With pictures removed, output every record below exactly as written.

Provided data -
__________________________________________________
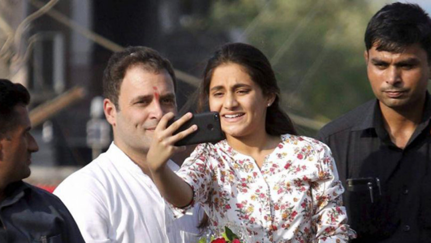 A girl got aboard the van of Congress vice president Rahul Gandhi and clicked selfies with him during his road show in Bharuch in south Gujarat on Wednesday.
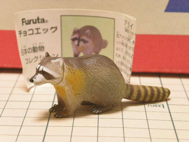 チョコエッグ 日本の動物4 #100 アライグマ です 撮影・部品確認のために組み立てました 欠品はありませんがカプセルはありません。 解説書付属しますが、ラインナップリストは欠品の場合があります (ご希望があった場合や複数落札時は最低1点は付属するように配慮します) また、解説書・フィギュアの版については特に区別しておりません 商品の細かな状態(汚れ・キズ・塗装の状態)は異なります。 詳細な状態(細かな汚れやキズの有無)が気になる場合は 必ず入札前に質問をお願いします。 入札後は商品状態に関するいかなる要望もお応えできません。 管理番号:012/43-55 商品サイズ 定形サイズ 9g 【作業指示:PS箱現物合わせ済み】 ※商品サイズは、概算・最大値となり厳密なサイズと異なるほか 梱包により重量・サイズが増えますのでご留意ください (これは落札数量「1」の場合の案内です。 複数個落札や同梱がある場合、対応できない発送方法もあります。) ※商品写真にマス目のマットが写り込んでいる場合は 1マス1cmとなりますので、サイズ感の参考になさってください ※商品写真に記号番号等が写り込んでいる場合がありますが、 これは写真の管理のためのものですので無視してください | |||||||||||||||||||||||||||||||||||
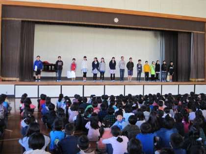 12月4日の児童集会で環境整美委員の発表が行われました。発表では委員会の仕事の紹介やリサイクルされる牛乳パックやペットボトル、委員会で収集しているプルトップについてのクイズ、掃除のしかたの劇などがありました。
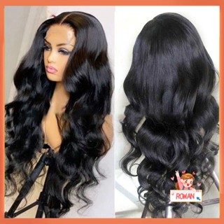 R-flower Wig Wanita Middle Score Rambut Tebal Pakaian Wanita Garis Suhu Tinggi Roll Panjang
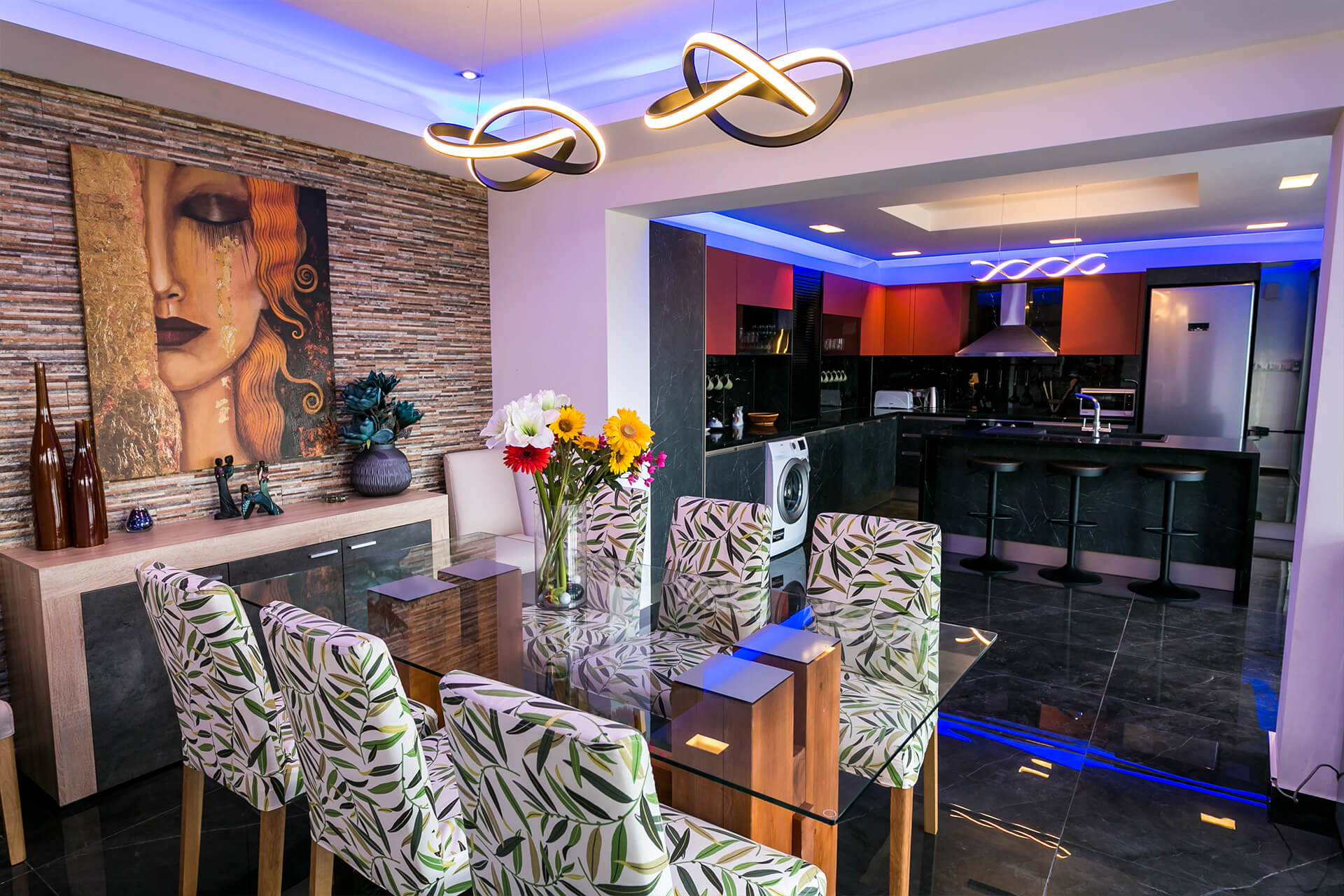 The living room was designed with modern and artistic materials such as artistic wall paints, rugs, mirrors therefore every corner has a story to tell.
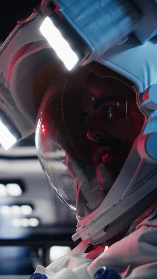 Vertical Astronaut looking at planet visualization before stepping out for scheduled operations outside space station. Cosmonaut in spacecraft powered by advanced engineering landing on planet, camera B Pro Video
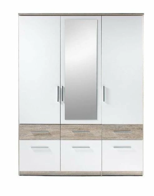 Der Z2 Drehtürenschrank 3-türig „BOX“ bietet einen klug eingeteilten Stauraum. Optisch präsentiert er sich mit Korpus und Schubladenfronten in Eiche sägerau/sonoma und weißer Front mit Spiegel.
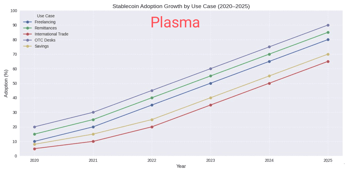 Widzisz to w freelancingu, przekazach pieniężnych, handlu międzynarodowym, biurach OTC i codziennych oszczędnościach w krajach z kruchymi lokalnymi walutami. Ludzie nie używają stablecoinów, ponieważ kochają blockchainy. Używają ich, ponieważ cyfrowe dolary poruszają się szybciej niż banki, sięgają dalej niż karty i działają, gdy tradycyjny system jest zamknięty.
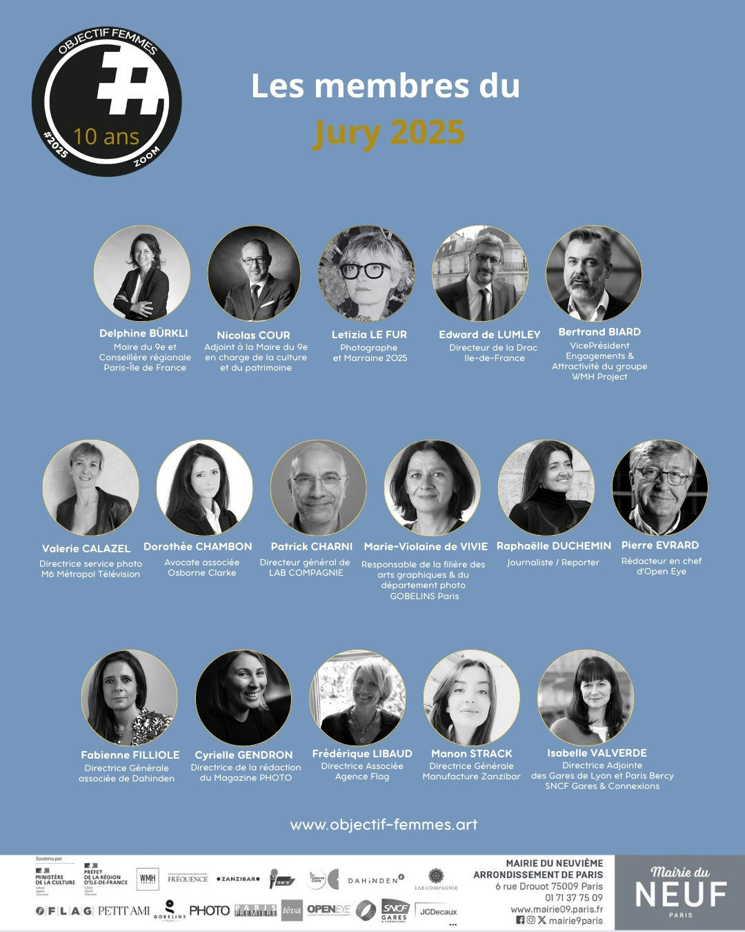 Objectif FEMMES, c’est aussi une fidélité rare. Celle de la Mairie du 9e arrondissement de Paris, qui m’accompagne depuis le début, y compris dans mes idées les plus folles. Celle de nos mécènes et partenaires, le Ministère de la Culture, la DRAC Île-de-France, WHM Project, ON AIR, Osborn Clarke et d’autres, qui ont compris que soutenir ce festival, c’est soutenir une révolution douce : celle de la visibilité, de la liberté, de la création féminine.
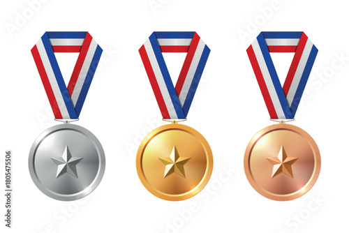 © gomolach, Naklejka premium Vector 3d Gold, Silver, Bronze Medal Set. Award Medals for Sport. Medal Icon, Isolated. Medal Badge Collection. Winner First Second Third Place Trophy Design Template for Championship
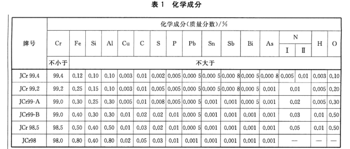 執行標準:95-99A金屬鉻 ,國標及非國標型號齊全。 牌號及標準參考國標GB/T3211-2023
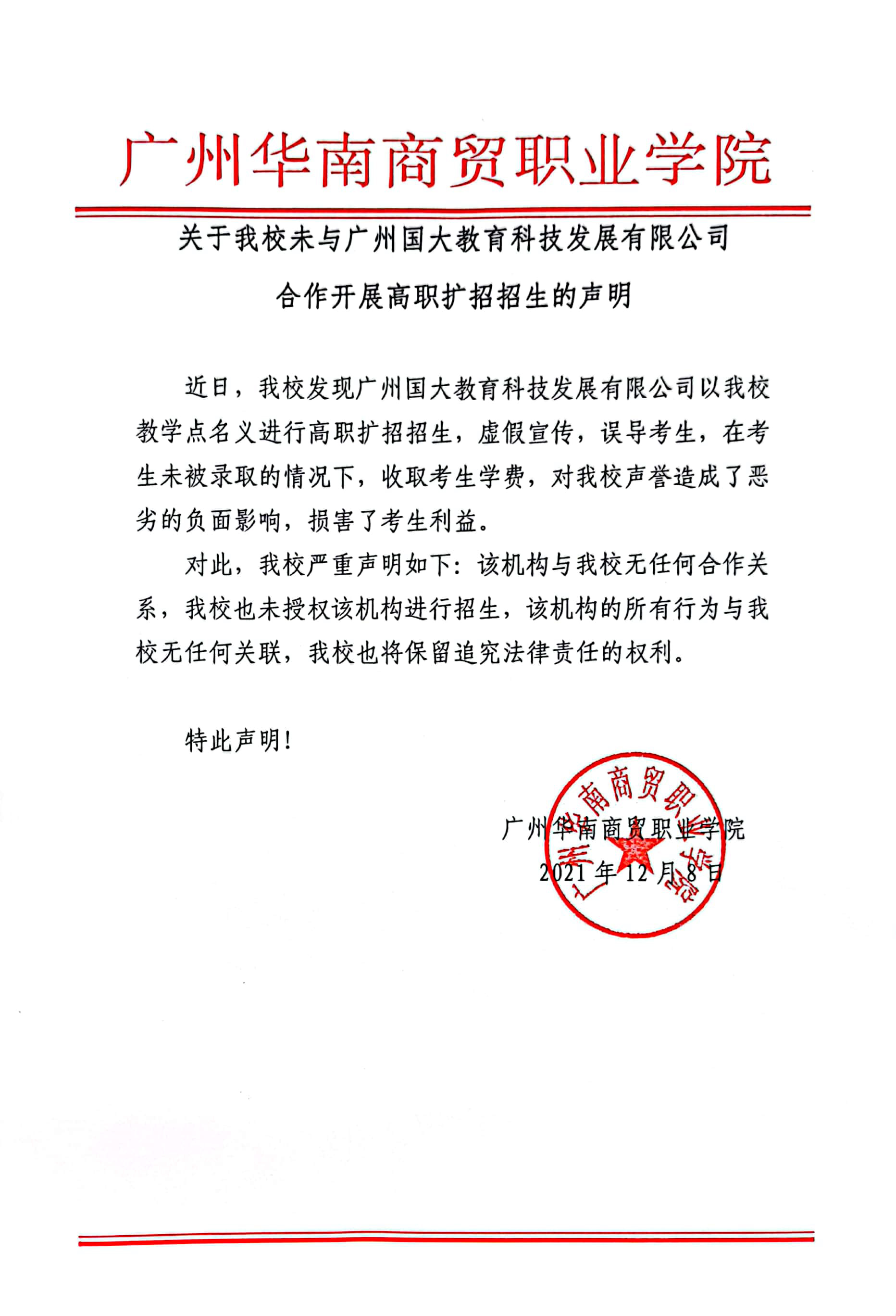 关于我校未与广州国大教育科技发展有限公司合作开展高职扩招招生的声明
__________________________________________________
Written answer -
 A girl got aboard the van of Congress vice president Rahul Gandhi and clicked selfies with him during his road show in Bharuch in south Gujarat on Wednesday.
 チョコエッグ 日本の動物4 #100 アライグマ です 撮影・部品確認のために組み立てました 欠品はありませんがカプセルはありません。 解説書付属しますが、ラインナップリストは欠品の場合があります (ご希望があった場合や複数落札時は最低1点は付属するように配慮します) また、解説書・フィギュアの版については特に区別しておりません 商品の細かな状態(汚れ・キズ・塗装の状態)は異なります。 詳細な状態(細かな汚れやキズの有無)が気になる場合は 必ず入札前に質問をお願いします。 入札後は商品状態に関するいかなる要望もお応えできません。 管理番号:012/43-55 商品サイズ 定形サイズ 9g 【作業指示:PS箱現物合わせ済み】 ※商品サイズは、概算・最大値となり厳密なサイズと異なるほか 梱包により重量・サイズが増えますのでご留意ください (これは落札数量「1」の場合の案内です。 複数個落札や同梱がある場合、対応できない発送方法もあります。) ※商品写真にマス目のマットが写り込んでいる場合は 1マス1cmとなりますので、サイズ感の参考になさってください ※商品写真に記号番号等が写り込んでいる場合がありますが、 これは写真の管理のためのものですので無視してください | |||||||||||||||||||||||||||||||||||
 12月4日の児童集会で環境整美委員の発表が行われました。発表では委員会の仕事の紹介やリサイクルされる牛乳パックやペットボトル、委員会で収集しているプルトップについてのクイズ、掃除のしかたの劇などがありました。
 R-flower Wig Wanita Middle Score Rambut Tebal Pakaian Wanita Garis Suhu Tinggi Roll Panjang
 The living room was designed with modern and artistic materials such as artistic wall paints, rugs, mirrors therefore every corner has a story to tell.
 Vertical Astronaut looking at planet visualization before stepping out for scheduled operations outside space station. Cosmonaut in spacecraft powered by advanced engineering landing on planet, camera B Pro Video
 Der Z2 Drehtürenschrank 3-türig „BOX“ bietet einen klug eingeteilten Stauraum. Optisch präsentiert er sich mit Korpus und Schubladenfronten in Eiche sägerau/sonoma und weißer Front mit Spiegel.
 Widzisz to w freelancingu, przekazach pieniężnych, handlu międzynarodowym, biurach OTC i codziennych oszczędnościach w krajach z kruchymi lokalnymi walutami. Ludzie nie używają stablecoinów, ponieważ kochają blockchainy. Używają ich, ponieważ cyfrowe dolary poruszają się szybciej niż banki, sięgają dalej niż karty i działają, gdy tradycyjny system jest zamknięty.
 Objectif FEMMES, c’est aussi une fidélité rare. Celle de la Mairie du 9e arrondissement de Paris, qui m’accompagne depuis le début, y compris dans mes idées les plus folles. Celle de nos mécènes et partenaires, le Ministère de la Culture, la DRAC Île-de-France, WHM Project, ON AIR, Osborn Clarke et d’autres, qui ont compris que soutenir ce festival, c’est soutenir une révolution douce : celle de la visibilité, de la liberté, de la création féminine.
 © gomolach, Naklejka premium Vector 3d Gold, Silver, Bronze Medal Set. Award Medals for Sport. Medal Icon, Isolated. Medal Badge Collection. Winner First Second Third Place Trophy Design Template for Championship
 執行標準:95-99A金屬鉻 ,國標及非國標型號齊全。 牌號及標準參考國標GB/T3211-2023
 关于我校未与广州国大教育科技发展有限公司合作开展高职扩招招生的声明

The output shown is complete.